§ **WORK REQUEST**
For the listing below, the answer is an exact retyping of the lines from the one with "T28 금 도금 저전압" through the one with "Im Einsteigerdepot gab", both included, without pictures.

= = =

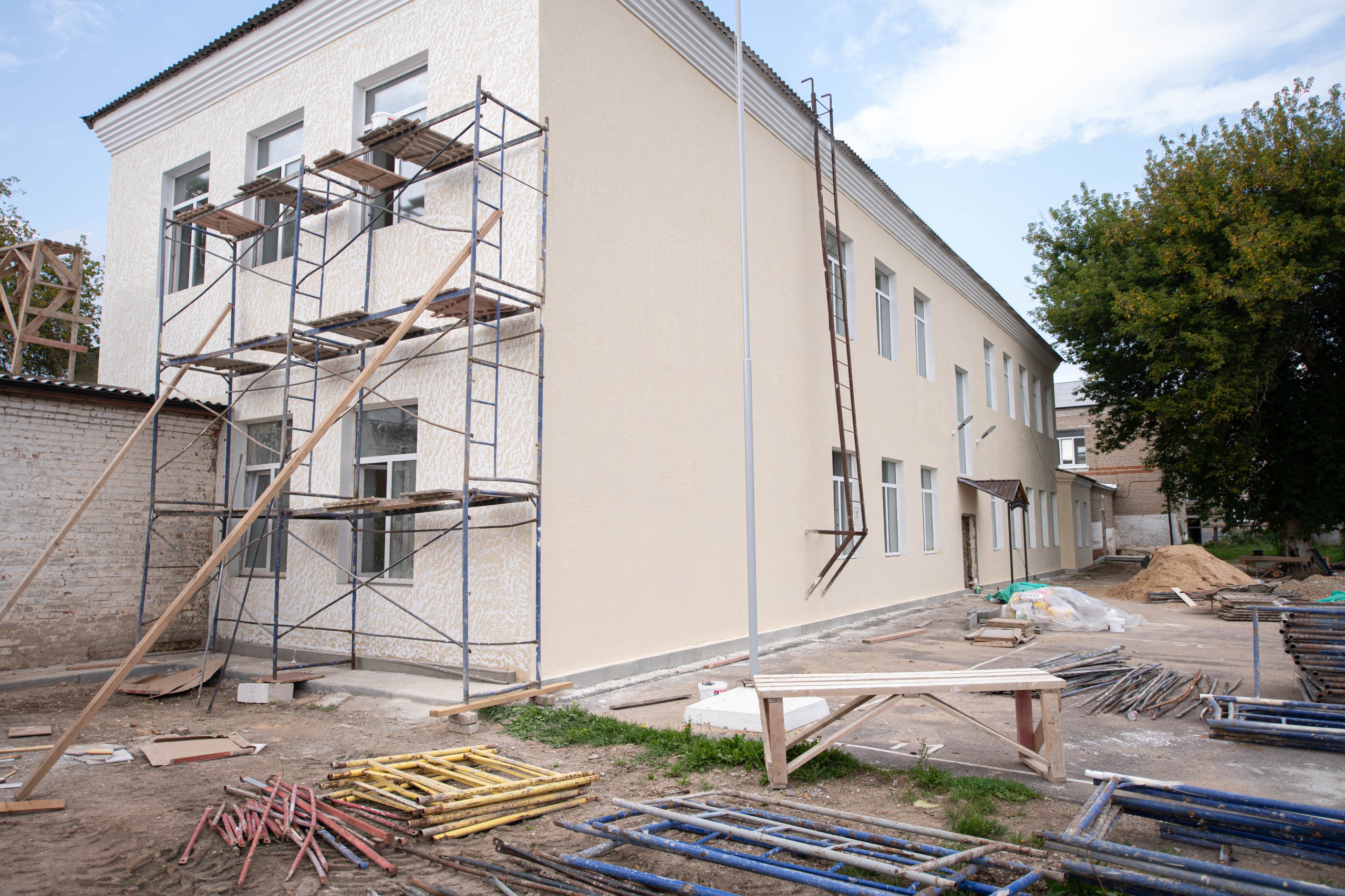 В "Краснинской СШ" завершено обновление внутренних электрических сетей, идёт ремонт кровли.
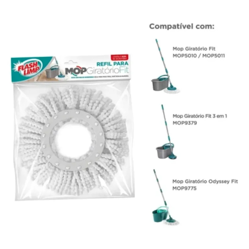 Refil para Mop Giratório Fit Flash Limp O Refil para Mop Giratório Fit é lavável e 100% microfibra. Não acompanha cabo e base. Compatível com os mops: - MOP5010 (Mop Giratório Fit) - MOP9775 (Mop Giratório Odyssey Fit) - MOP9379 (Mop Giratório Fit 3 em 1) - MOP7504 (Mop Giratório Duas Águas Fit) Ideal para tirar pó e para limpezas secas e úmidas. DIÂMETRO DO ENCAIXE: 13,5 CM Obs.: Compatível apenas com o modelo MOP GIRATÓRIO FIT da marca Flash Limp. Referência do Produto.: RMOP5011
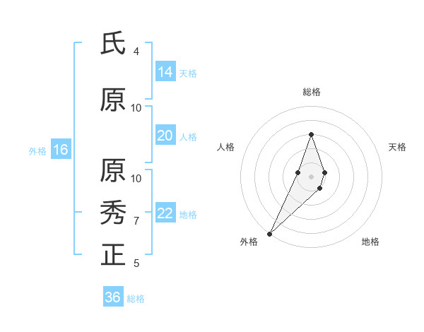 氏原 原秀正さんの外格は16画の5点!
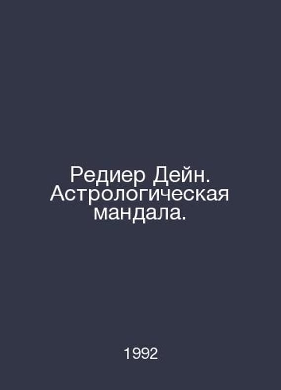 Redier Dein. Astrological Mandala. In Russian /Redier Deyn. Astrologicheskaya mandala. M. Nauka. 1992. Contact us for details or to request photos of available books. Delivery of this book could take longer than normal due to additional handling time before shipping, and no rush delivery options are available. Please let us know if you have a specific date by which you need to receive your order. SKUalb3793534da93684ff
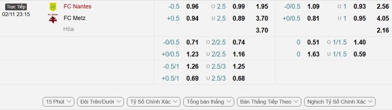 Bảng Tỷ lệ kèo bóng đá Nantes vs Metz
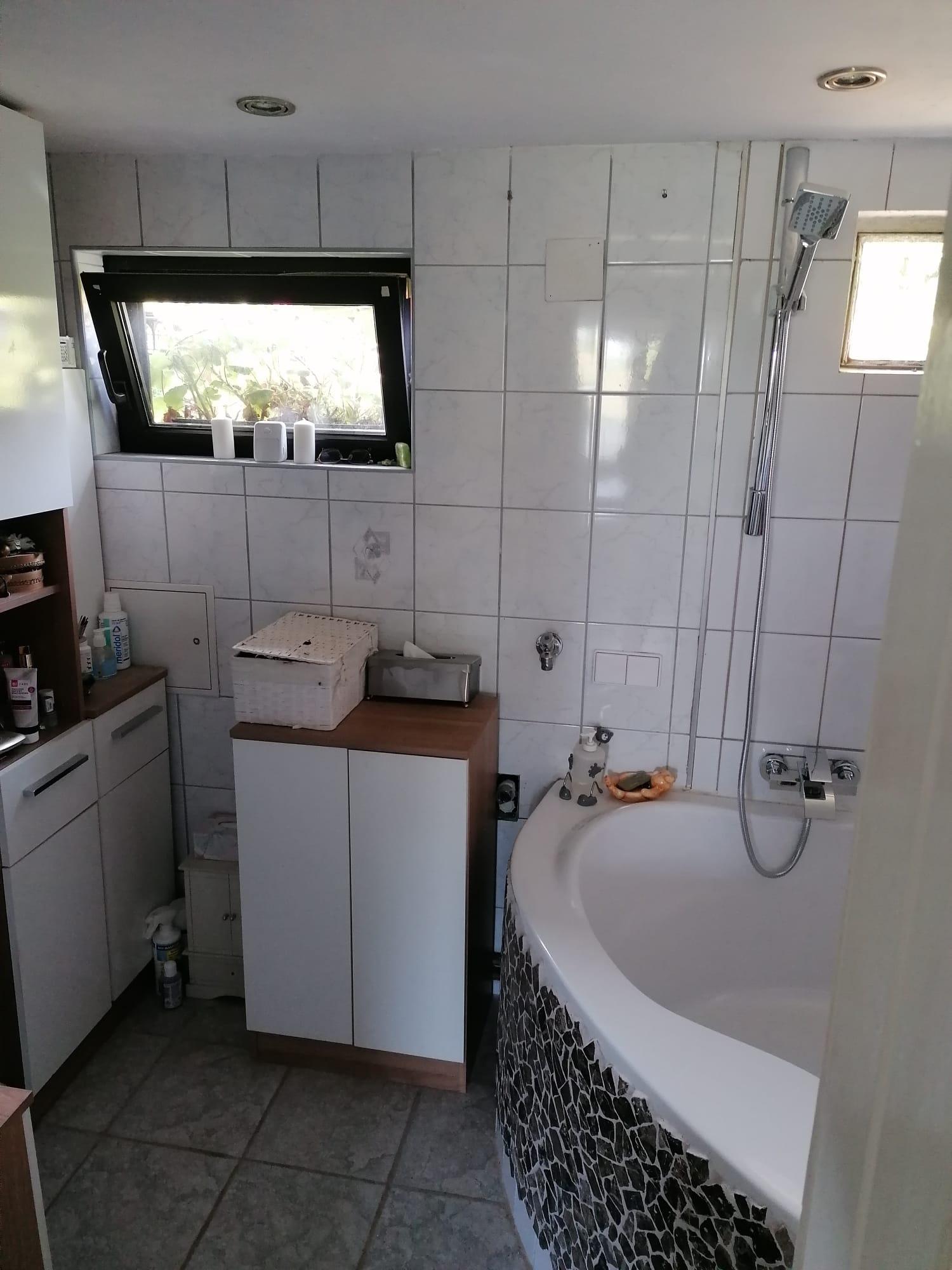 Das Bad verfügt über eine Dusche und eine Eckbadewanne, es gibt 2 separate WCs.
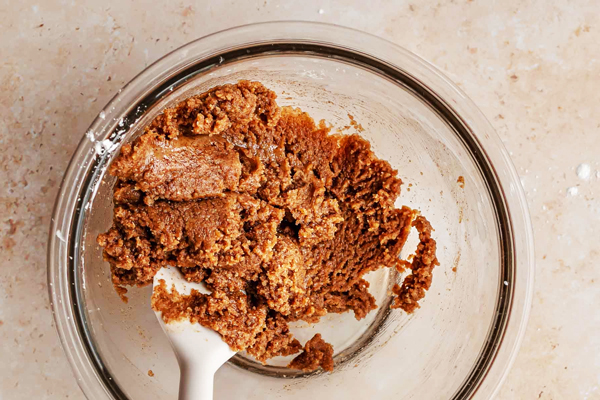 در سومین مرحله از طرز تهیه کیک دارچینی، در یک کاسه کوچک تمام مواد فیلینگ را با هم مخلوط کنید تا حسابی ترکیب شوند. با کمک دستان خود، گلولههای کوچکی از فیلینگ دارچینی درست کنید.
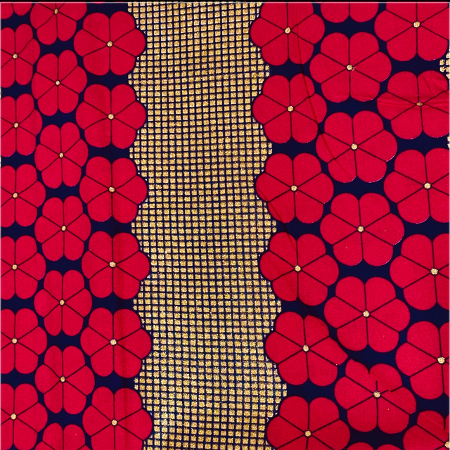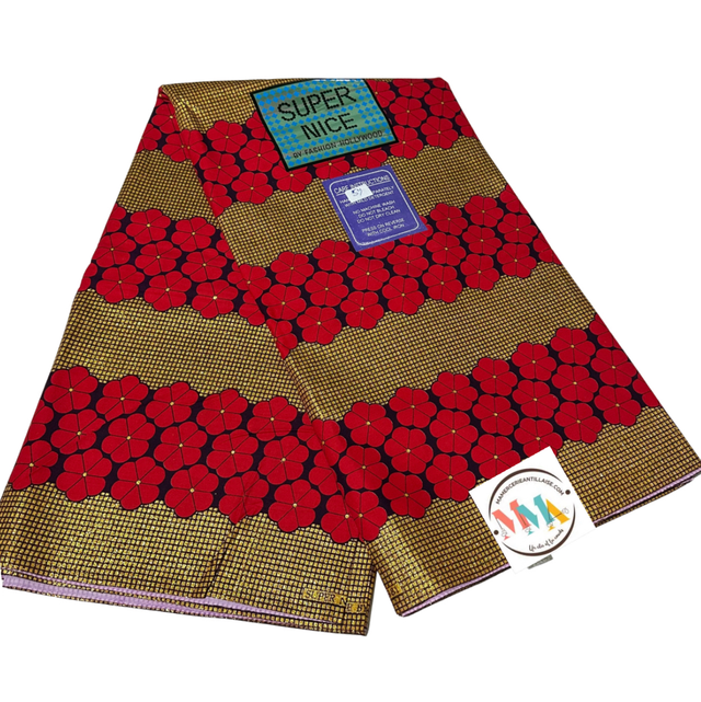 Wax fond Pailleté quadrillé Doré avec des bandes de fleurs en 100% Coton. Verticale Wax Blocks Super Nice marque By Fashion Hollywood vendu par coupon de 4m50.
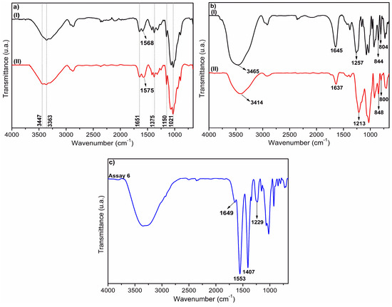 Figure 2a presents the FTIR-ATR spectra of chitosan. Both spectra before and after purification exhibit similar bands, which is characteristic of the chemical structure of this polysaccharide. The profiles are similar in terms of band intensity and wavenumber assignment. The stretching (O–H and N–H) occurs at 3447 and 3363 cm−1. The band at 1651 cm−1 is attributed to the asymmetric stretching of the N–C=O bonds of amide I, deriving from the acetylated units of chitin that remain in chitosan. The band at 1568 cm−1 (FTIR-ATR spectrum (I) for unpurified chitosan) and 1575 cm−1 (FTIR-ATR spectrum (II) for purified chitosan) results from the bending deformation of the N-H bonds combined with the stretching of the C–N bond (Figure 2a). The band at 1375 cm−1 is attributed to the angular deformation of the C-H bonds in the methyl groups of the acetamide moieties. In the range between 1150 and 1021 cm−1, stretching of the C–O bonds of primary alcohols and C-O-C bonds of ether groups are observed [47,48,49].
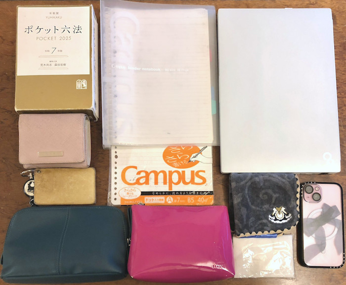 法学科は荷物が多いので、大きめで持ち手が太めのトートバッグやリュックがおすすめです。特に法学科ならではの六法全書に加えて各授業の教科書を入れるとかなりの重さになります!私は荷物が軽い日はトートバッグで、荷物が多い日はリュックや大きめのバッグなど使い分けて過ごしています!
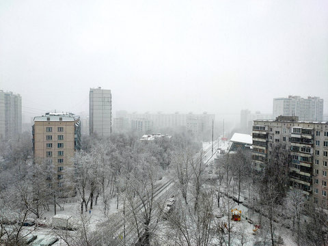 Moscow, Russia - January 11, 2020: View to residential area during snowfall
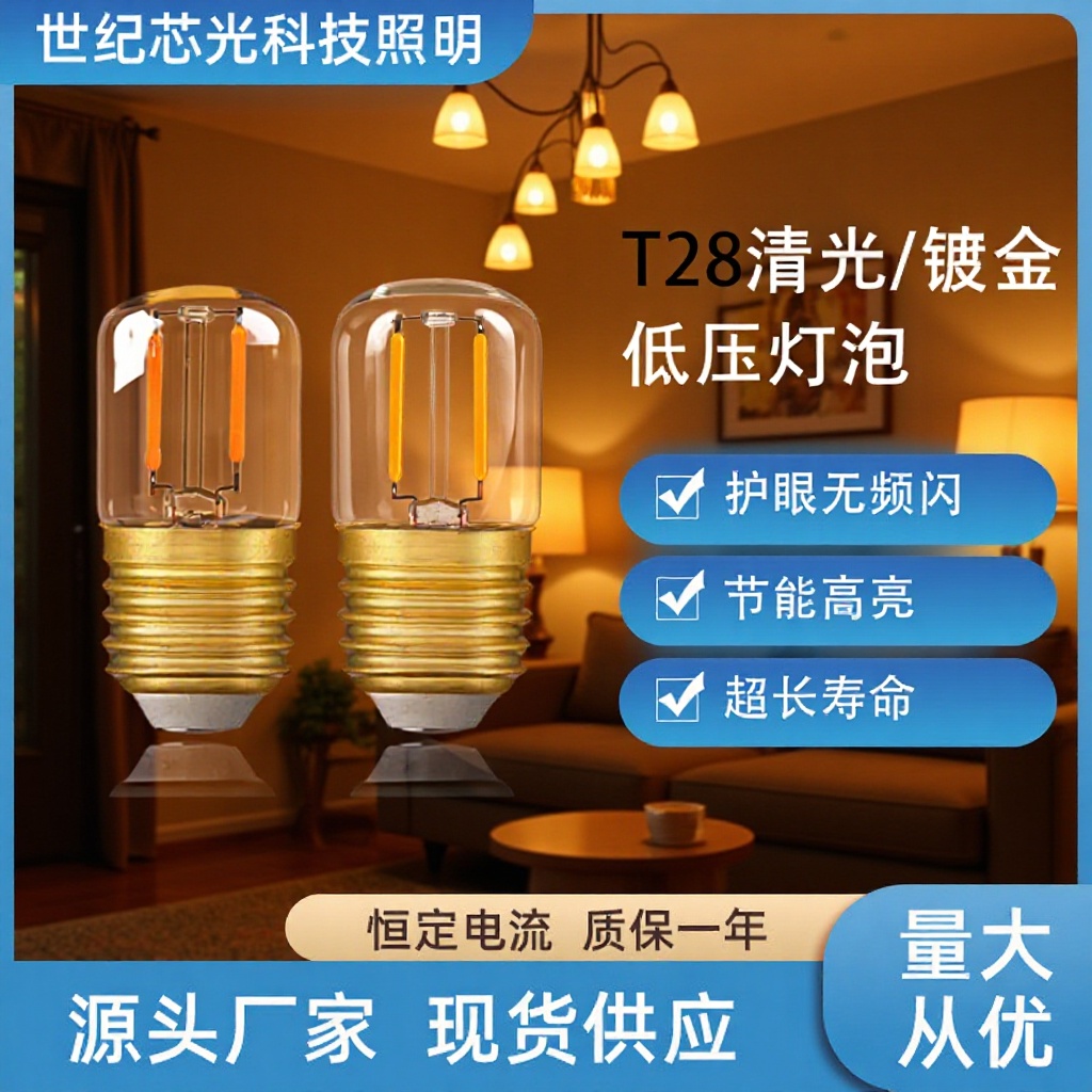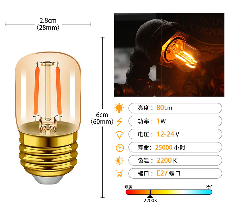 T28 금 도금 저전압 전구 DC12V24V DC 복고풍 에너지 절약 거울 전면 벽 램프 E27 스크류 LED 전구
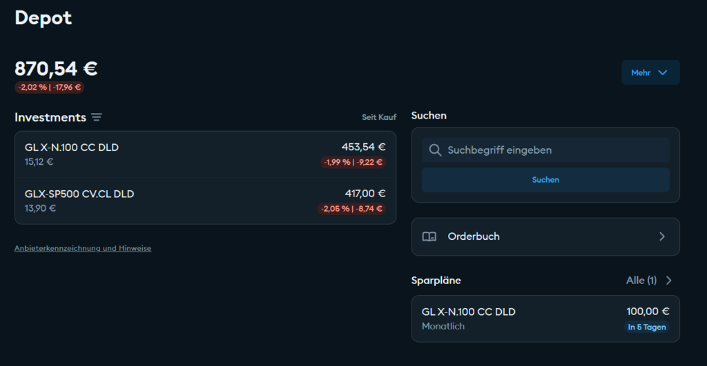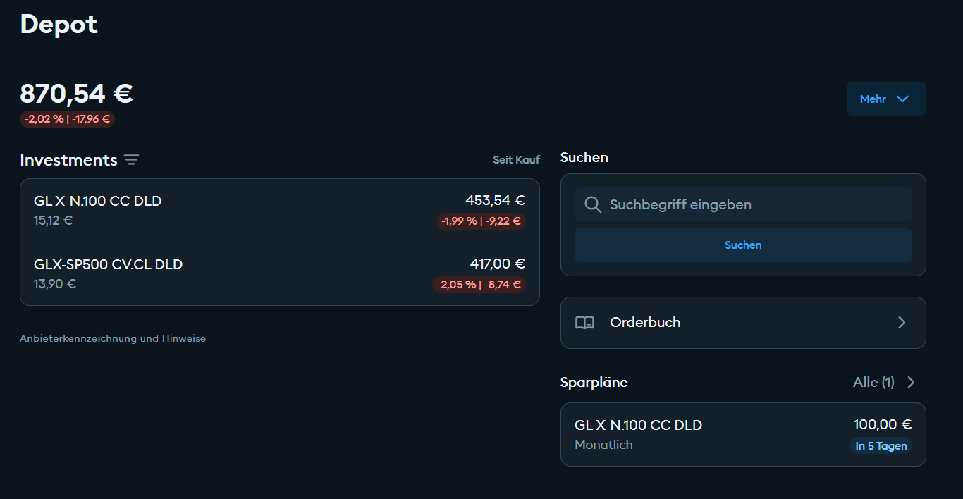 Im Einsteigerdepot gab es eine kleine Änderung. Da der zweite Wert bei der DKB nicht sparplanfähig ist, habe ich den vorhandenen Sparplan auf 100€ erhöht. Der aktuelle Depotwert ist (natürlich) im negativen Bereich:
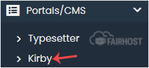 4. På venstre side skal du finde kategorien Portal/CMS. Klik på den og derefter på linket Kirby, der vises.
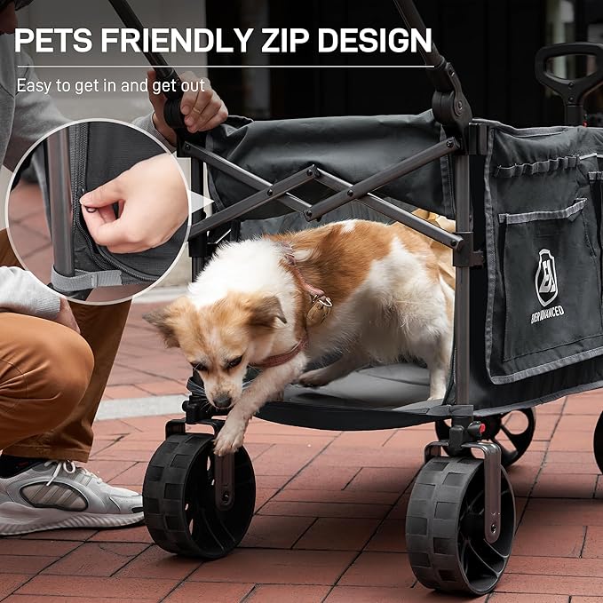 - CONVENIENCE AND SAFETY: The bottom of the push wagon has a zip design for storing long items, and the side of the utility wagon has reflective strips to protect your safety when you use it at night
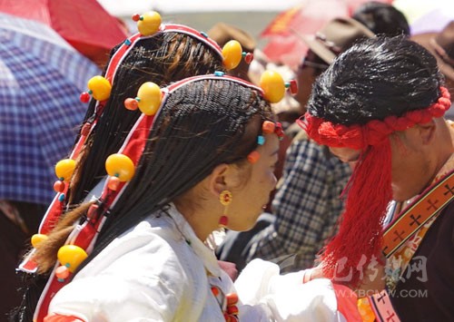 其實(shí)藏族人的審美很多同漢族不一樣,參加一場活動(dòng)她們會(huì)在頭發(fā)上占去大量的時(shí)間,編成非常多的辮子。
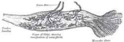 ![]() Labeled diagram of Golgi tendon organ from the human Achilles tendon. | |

= = =

§ **COMPLETED TASK**
 T28 금 도금 저전압 전구 DC12V24V DC 복고풍 에너지 절약 거울 전면 벽 램프 E27 스크류 LED 전구
 Im Einsteigerdepot gab es eine kleine Änderung. Da der zweite Wert bei der DKB nicht sparplanfähig ist, habe ich den vorhandenen Sparplan auf 100€ erhöht. Der aktuelle Depotwert ist (natürlich) im negativen Bereich:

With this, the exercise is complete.